* _DATA SHOWN_:
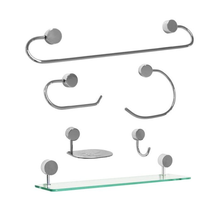 Kit para Banheiro Linha Class 6 peças Redondo Cromado com Porta-Shampoo de Vidro
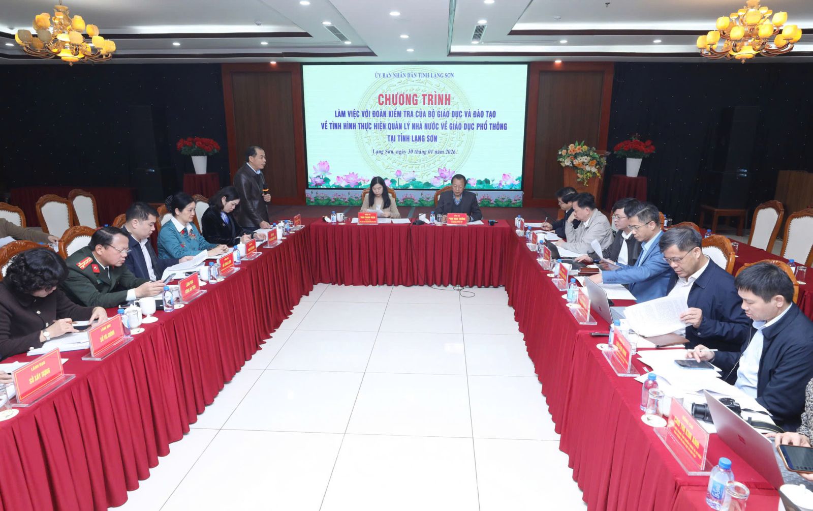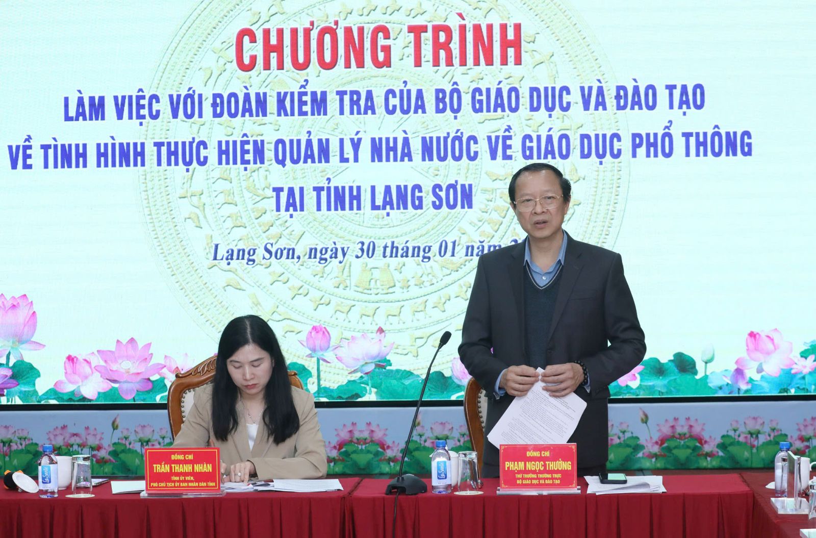 Ngày 30/1, Thứ trưởng Thường trực Phạm Ngọc Thưởng và thành viên đoàn công tác Bộ Giáo dục và Đào tạo (GDĐT) đã có buổi làm việc với tỉnh Lạng Sơn về tình hình thực hiện quản lí nhà nước về giáo dục phổ thông trên địa bàn.
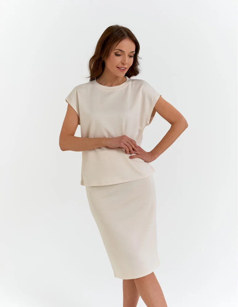 Bluzka damska o klasycznym kroju z wiskozą KREMOWY
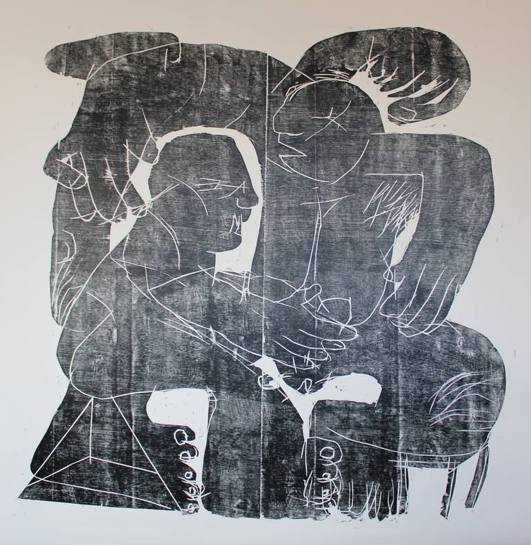 My works are inspired by a very personal perception of situations. I create live sized figures in monochrome colours to reduce myself to what counts and what is necessary. The line is the most important carrier of information and I use my cutting tools for the woodcuts the same way I would use a pencil. When talking about the practical background I stress that I am inspired by sculpturing and I compare woodcut the way I do it as THE printing technique which is closest to three-dimensional art. The subject matter starts from the idea of a knot, where two parts can be combined to a construct in endless ways. The area of the wood for that reason is mostly constant - I also reduce myself in this sense to a defined unit.

* _TASK GOAL_: Print nothing but the lines above starting with the line that contains "Ngày 30/1, Thứ" and going on through the line that contains "Bluzka damska o". Leave out the pictures.

* _EXERCISE OUTPUT_:
 Ngày 30/1, Thứ trưởng Thường trực Phạm Ngọc Thưởng và thành viên đoàn công tác Bộ Giáo dục và Đào tạo (GDĐT) đã có buổi làm việc với tỉnh Lạng Sơn về tình hình thực hiện quản lí nhà nước về giáo dục phổ thông trên địa bàn.
 Bluzka damska o klasycznym kroju z wiskozą KREMOWY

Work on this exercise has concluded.